**What you are asked to do**
Once the images are set aside, output the listing exactly as it stands.

**Data block**

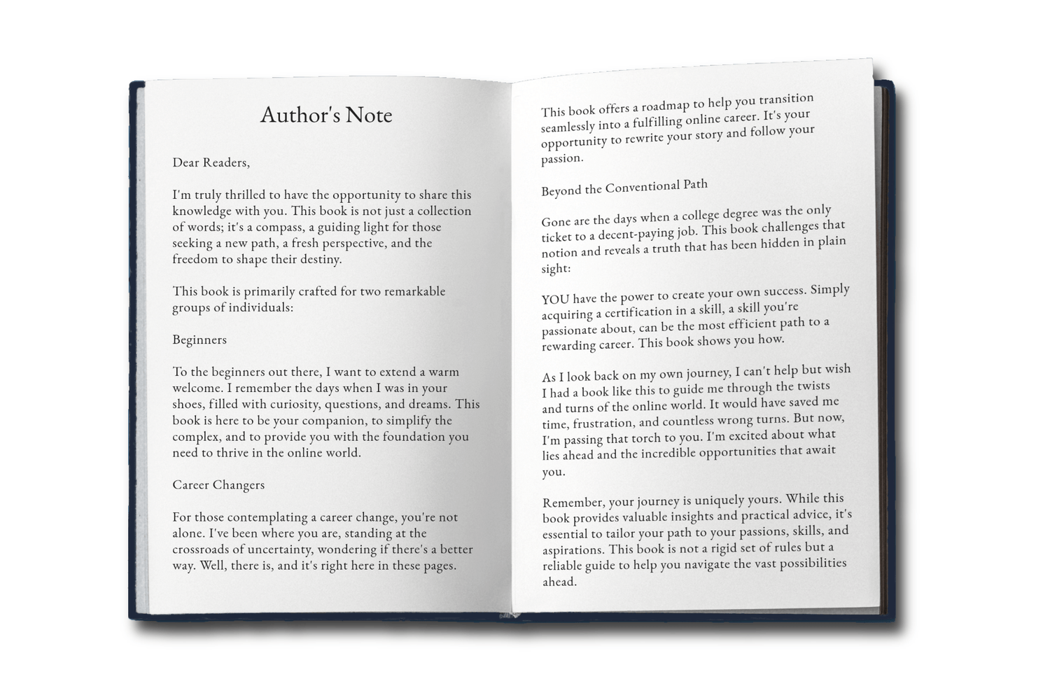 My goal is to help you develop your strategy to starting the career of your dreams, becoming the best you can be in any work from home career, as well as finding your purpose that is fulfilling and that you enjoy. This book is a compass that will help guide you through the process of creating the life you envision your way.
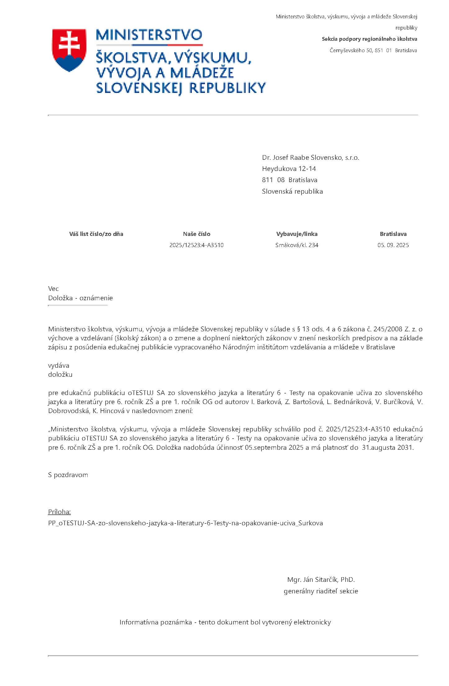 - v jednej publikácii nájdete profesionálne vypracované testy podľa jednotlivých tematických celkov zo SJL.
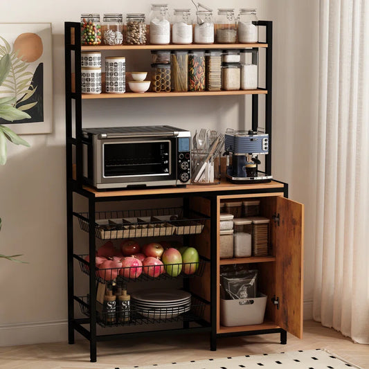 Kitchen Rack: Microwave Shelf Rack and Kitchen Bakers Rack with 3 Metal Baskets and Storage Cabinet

**Answer section**
 My goal is to help you develop your strategy to starting the career of your dreams, becoming the best you can be in any work from home career, as well as finding your purpose that is fulfilling and that you enjoy. This book is a compass that will help guide you through the process of creating the life you envision your way.
 - v jednej publikácii nájdete profesionálne vypracované testy podľa jednotlivých tematických celkov zo SJL.
 Kitchen Rack: Microwave Shelf Rack and Kitchen Bakers Rack with 3 Metal Baskets and Storage Cabinet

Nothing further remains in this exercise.